Federal Reserve Chair Janet Yellen  warned that stock valuations are “generally quite high,” and that “there are potential dangers” in a discussion yesterday with International Monetary Fund Managing Director Christine Lagarde.

Many analysts point out that stock prices, relative to corporate earnings, are higher than their historic norms. This could mean markets are headed for a rough ride as prices correct themselves. Markets dipped 0.7% midday, after Yellen’s remarks, reports NPR.

Overall financial stability remains modest

Despite comments about overall stock valuations being out of line with historical averages, Yellen noted that overall financial stability is still sound. “Risks to financial stability are moderated, not elevated at this point,” she said during the conference.

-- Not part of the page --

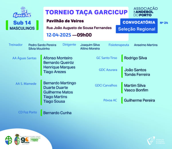 O Torneio “Taça Garcicup“, que vai decorrer este fim de semana em Estarreja vai contar com as seleções regionais do Porto e a Seleção Regional de Sub 14 Masculinos tem já equipa convocada e pronta para mais um torneio.

This is also not the first time Yellen and the Fed have expressed concern about stock valuations. In the July Federal Reserve Monetary Policy Report, the Fed reported, “Valuation metrics in some sectors do appear substantially stretched – particularly those for smaller firms in the social media and biotechnology industries.” In the nine months following those remarks, increases in the value of such stocks helped drive the Nasdaq Composite Index up about 13%.

Yellen cautioned that market volatility could increase when the Fed begins to raise its benchmark interest rate. “To the extent we do see risks developing, we’re taking action where we can,” she said. Yellen emphasized that financial regulation, not interest-rate policy, is the Fed’s main tool for heading off potential hazards, reports USA Today.